C'est une évidence pour celui qu'on nomme RSSI, ou responsable sécurité des systèmes d'information : la technologie cohabite de plus en plus avec l'organisationnel. Et l'organisationnel aime les procédures. À tel point que certains évoquent la nécessité de doter la profession de RSSI d'un statut. « Un statut : pas nécessairement. Mais une redéfinition de sa fonction plus transversale et plus organisationnelle que technique. Son rôle est de conseiller, alerter et informer la direction générale », constate Marie-Laure Laffaire, avocate au cabinet Lexvia.

« Un RSSI doit aussi recommander, et c'est là que se posent de nouveaux problèmes, liés à l'indépendance de sa fonction, poursuit Garance Mathias, avocate. Va-t-il, par exemple, en matière de protection de la vie privée des utilisateurs, préconiser des règles en faveur de ces derniers ou en faveur de la direction générale ? »

Afin de garantir son indépendance, « la profession doit se doter d'une charte de bonnes pratiques courantes, comme aux États-Unis » , estime Patrick Langrand, RSSI de Natexis Banques Populaires. Cette charte, également guide déontologique, définira le rôle attribué aux fonctions essentielles du RSSI : conseiller, assister, informer, former, alerter et préconiser.

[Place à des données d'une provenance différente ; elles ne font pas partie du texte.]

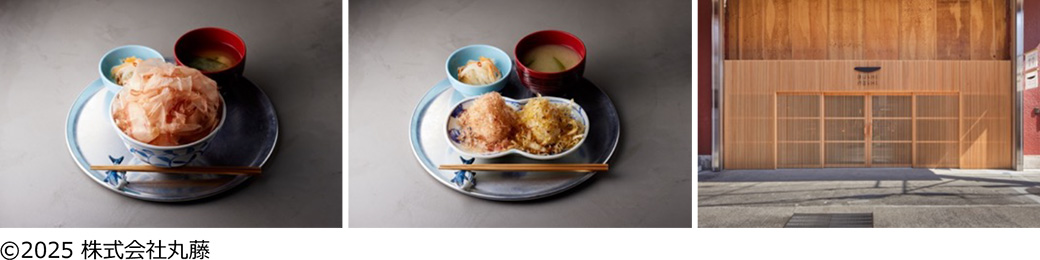 昭和元年創業、網代の削り節製造会社・丸藤本社1階にある「BUSHI MESHI」。モダンな店内はコの字カウンターになっており、お客さんの目の前で削る鰹節と、網代港の新鮮な海の幸をいただくことができます。人気の「ごはんセット」は、削りたてほやほやの鰹節を炊きたてごはんに載せたシンプルなメニュー。旅館や日本料理店から支持される鰹節のおいしさが際立ちます。このほか、出汁茶漬けでいただくお茶漬けやおむすびセットも。お土産にはさまざまな魚種の削り節パックもどうぞ。

Restent les limites. Gérer les logs ne suffit plus, il faut comprendre dans quelles conditions s'effectue l'accès à des données sensibles. « Nous ne traitons pas les données à la manière d'un DSI » , glisse Patrick Langrand. D'où la notion de délégation de responsabilité et de cogestion des risques avec la direction générale devant les tribunaux. Un RSSI est souvent responsable du contenu qui circule sur l'intranet de l'entreprise. Il peut répondre pénalement du contenu des échanges sur les forums placés sous la responsabilité d'un hébergeur. Enfin, l'aménagement en cours de la loi Informatique et libertés de 1978 peut, éventuellement, le transformer en « correspondant » de la Cnil (Commission nationale de l'informatique et des libertés). « Juridiquement, le rôle de correspondant implique un statut de salarié protégé, comme pour les syndicalistes ou les responsables de CE » , note Garance Mathias.

Pour Pierre-Luc Réfalo, directeur de Comprendre et réussir, société de conseil et de formation, la fonction doit être à l'intérieur et à l'extérieur du système d'information (SI). Mais que veut-on dire par dans et hors du SI, en termes de sécurité ? Quand un RSSI s'occupe de la sécurité des cartes à puce, il va au-delà des problématiques informatiques pures.

Autre débat : quelle formation ou, du moins, quelle certification accorder aux RSSI ? En 2004, la plupart des RSSI n'ont pas de diplôme spécifique à leur fonction. Les examens liés aux certifications doivent pallier ce manque. Mais doit-on en choisir une qui soit reconnue par une norme comme la 17024 de l'ISO ; la CISSP (Certified information systems security professional) d'ISC ² (International Information Systems Security Certification Consortium) ; ou la franco-française ProCSSI ? Beaucoup de questions qui restent en suspens pour une profession qui souhaite désormais des réponses.